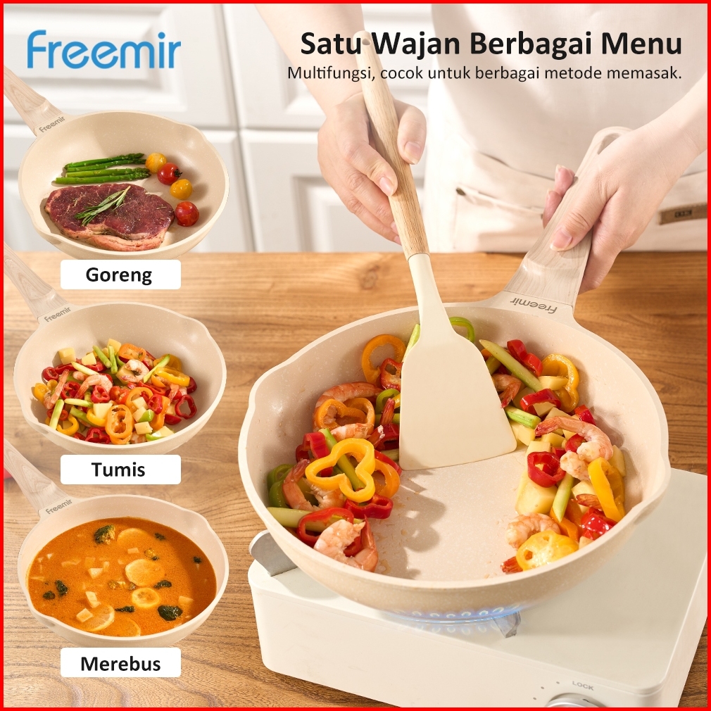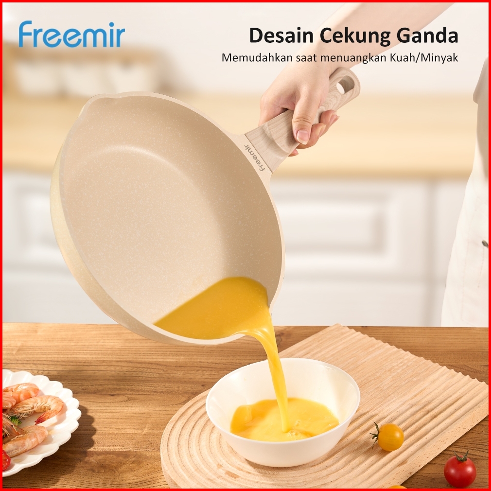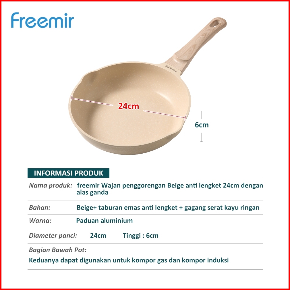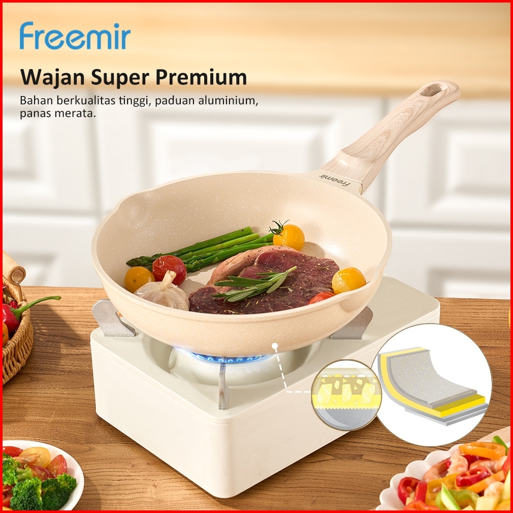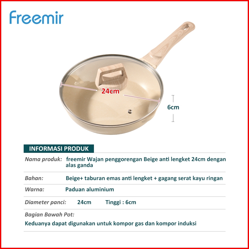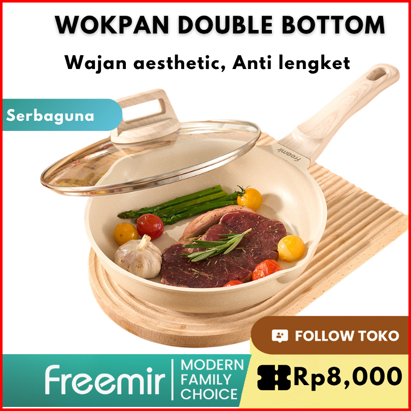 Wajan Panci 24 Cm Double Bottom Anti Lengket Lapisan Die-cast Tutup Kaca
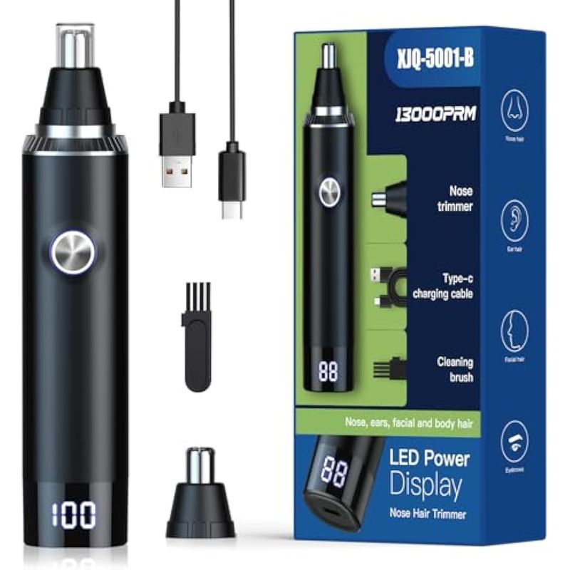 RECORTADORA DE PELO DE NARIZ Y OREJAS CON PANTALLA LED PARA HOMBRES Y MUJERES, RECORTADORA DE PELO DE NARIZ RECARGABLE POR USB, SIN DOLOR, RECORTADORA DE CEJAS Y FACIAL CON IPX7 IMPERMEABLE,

* * *

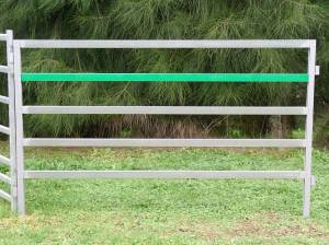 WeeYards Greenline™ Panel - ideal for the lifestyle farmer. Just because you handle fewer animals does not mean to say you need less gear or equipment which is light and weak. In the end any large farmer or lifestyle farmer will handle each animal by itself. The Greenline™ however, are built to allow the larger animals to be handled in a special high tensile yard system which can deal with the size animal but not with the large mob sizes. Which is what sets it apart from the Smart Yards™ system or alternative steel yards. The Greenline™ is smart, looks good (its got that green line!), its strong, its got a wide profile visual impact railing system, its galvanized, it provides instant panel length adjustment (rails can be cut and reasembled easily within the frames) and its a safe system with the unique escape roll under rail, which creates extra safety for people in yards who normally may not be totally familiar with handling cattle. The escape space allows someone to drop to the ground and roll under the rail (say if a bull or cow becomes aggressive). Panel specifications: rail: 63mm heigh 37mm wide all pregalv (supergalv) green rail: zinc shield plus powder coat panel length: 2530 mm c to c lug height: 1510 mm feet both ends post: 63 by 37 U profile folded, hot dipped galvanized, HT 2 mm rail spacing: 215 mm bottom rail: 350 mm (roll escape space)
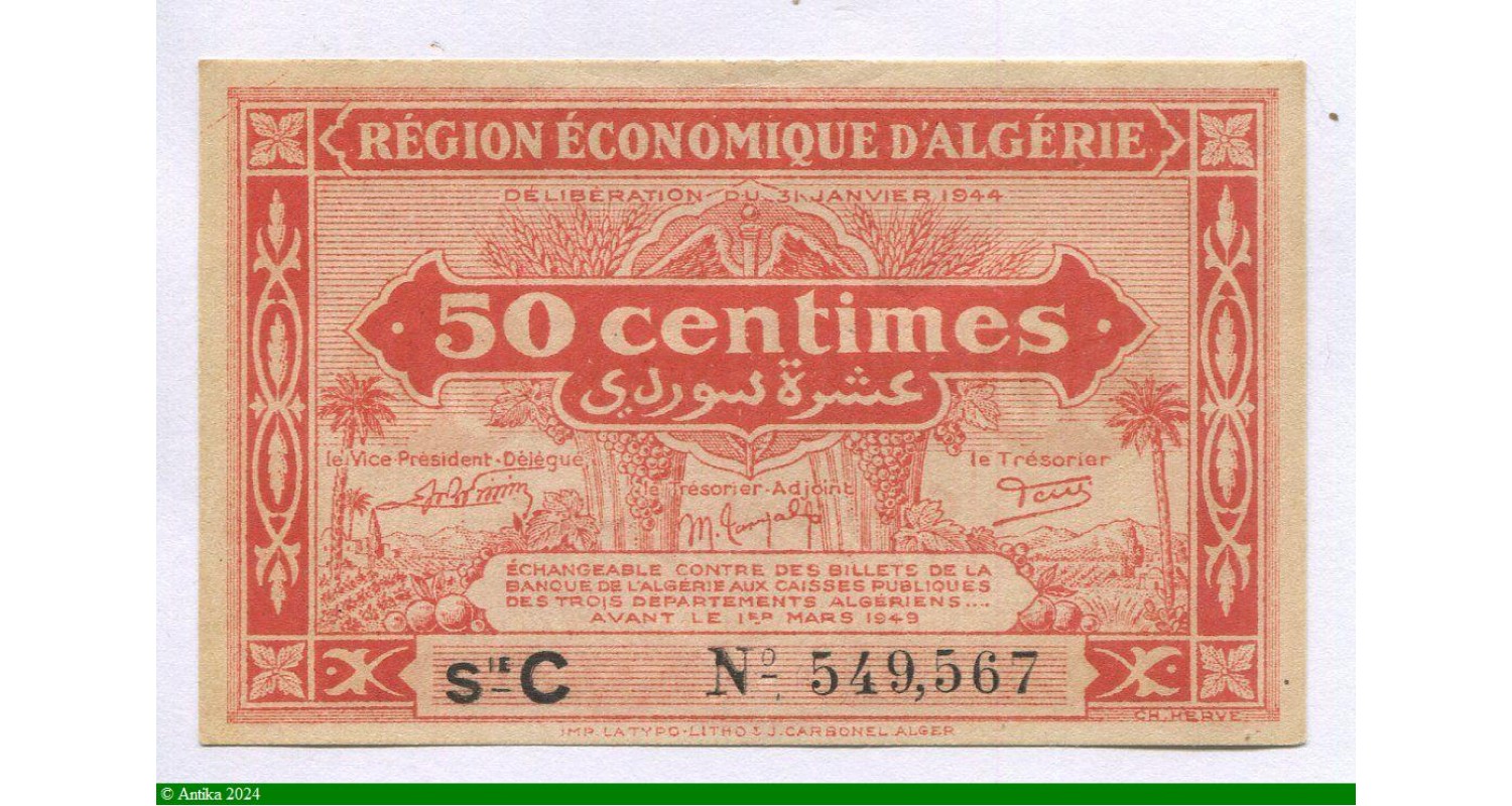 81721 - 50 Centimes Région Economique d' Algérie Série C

* * *

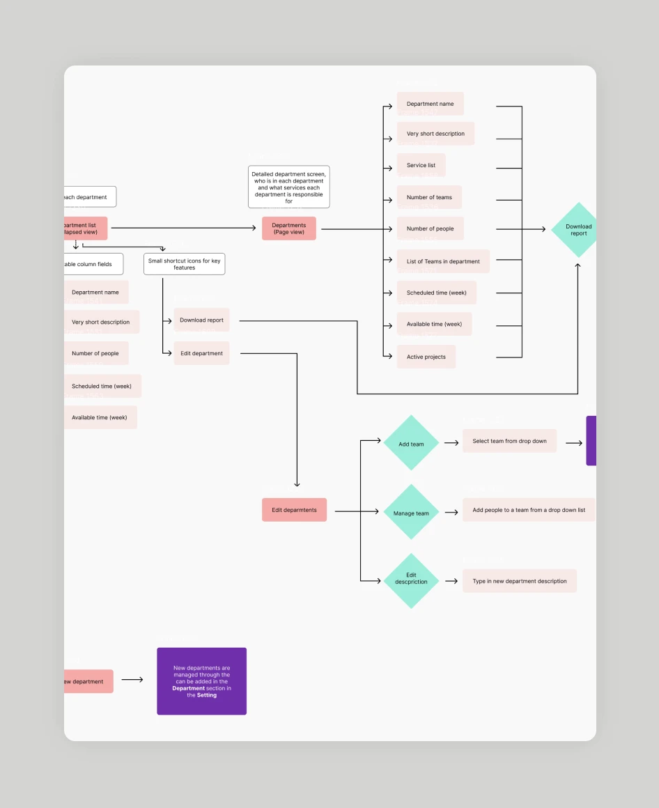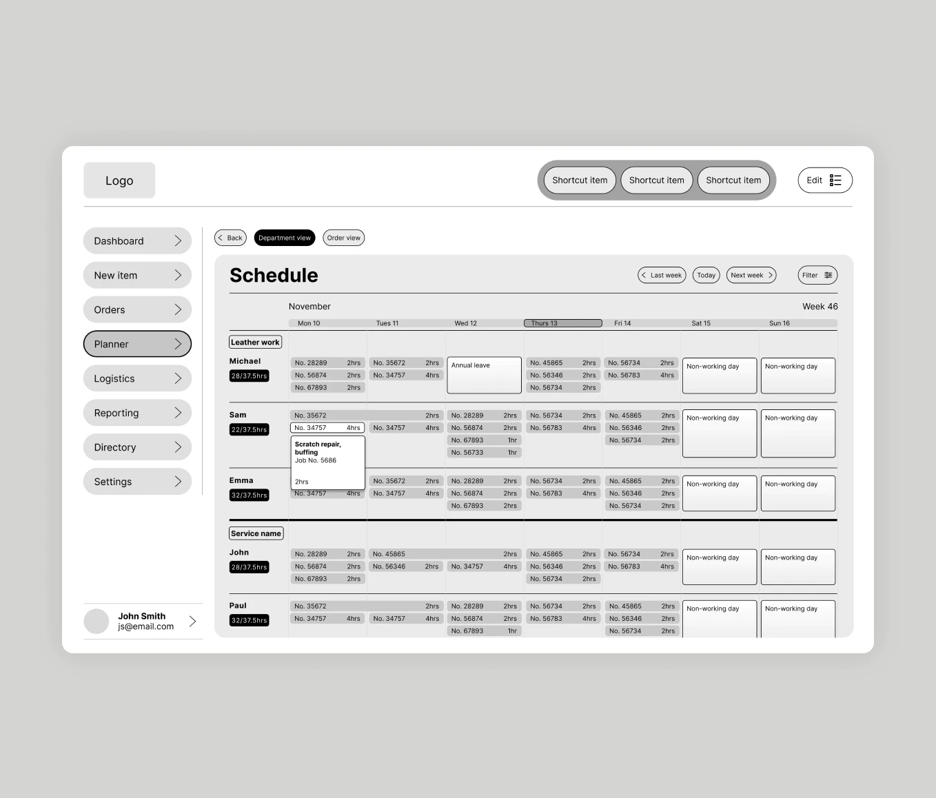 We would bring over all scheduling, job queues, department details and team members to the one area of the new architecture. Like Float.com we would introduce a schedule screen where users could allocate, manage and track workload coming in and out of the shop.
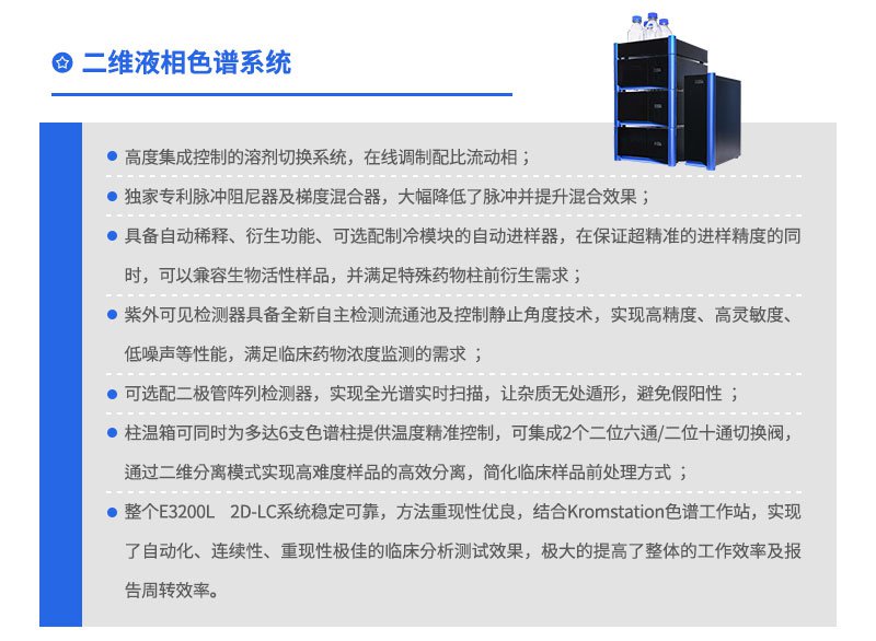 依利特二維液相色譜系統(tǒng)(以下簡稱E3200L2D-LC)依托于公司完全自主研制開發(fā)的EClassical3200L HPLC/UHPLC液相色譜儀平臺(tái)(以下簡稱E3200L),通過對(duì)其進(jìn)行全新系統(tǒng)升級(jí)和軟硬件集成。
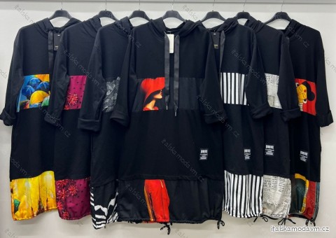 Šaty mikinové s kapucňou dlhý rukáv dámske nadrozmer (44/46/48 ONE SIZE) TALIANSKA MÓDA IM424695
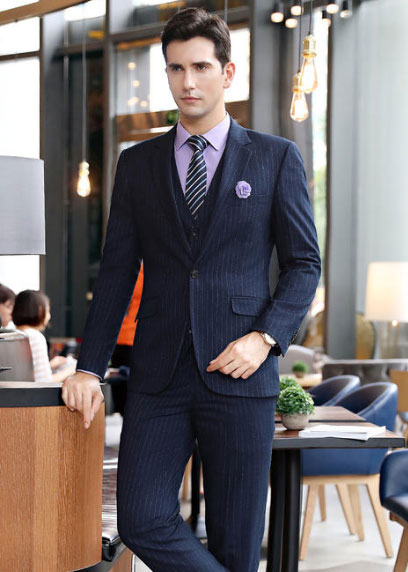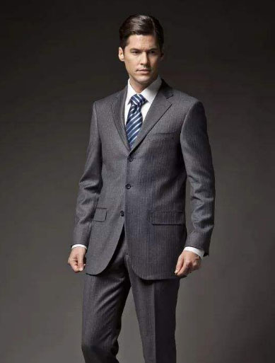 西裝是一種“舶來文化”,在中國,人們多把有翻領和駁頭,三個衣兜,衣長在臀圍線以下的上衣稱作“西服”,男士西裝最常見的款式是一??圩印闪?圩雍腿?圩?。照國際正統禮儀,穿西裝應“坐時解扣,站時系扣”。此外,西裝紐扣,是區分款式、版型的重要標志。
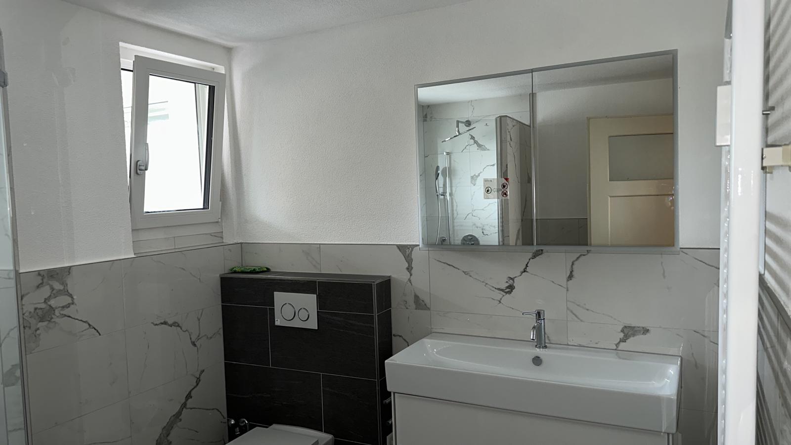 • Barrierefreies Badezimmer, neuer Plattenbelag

__WHAT IS BEING ASKED__: After locating the line containing "Wajan Panci 24" in the entries above, return it and every line after it exactly, ending at the line containing "RECORTADORA DE PELO DE NARIZ Y", without pictures.

__ANSWER SPACE__:
 Wajan Panci 24 Cm Double Bottom Anti Lengket Lapisan Die-cast Tutup Kaca
 RECORTADORA DE PELO DE NARIZ Y OREJAS CON PANTALLA LED PARA HOMBRES Y MUJERES, RECORTADORA DE PELO DE NARIZ RECARGABLE POR USB, SIN DOLOR, RECORTADORA DE CEJAS Y FACIAL CON IPX7 IMPERMEABLE,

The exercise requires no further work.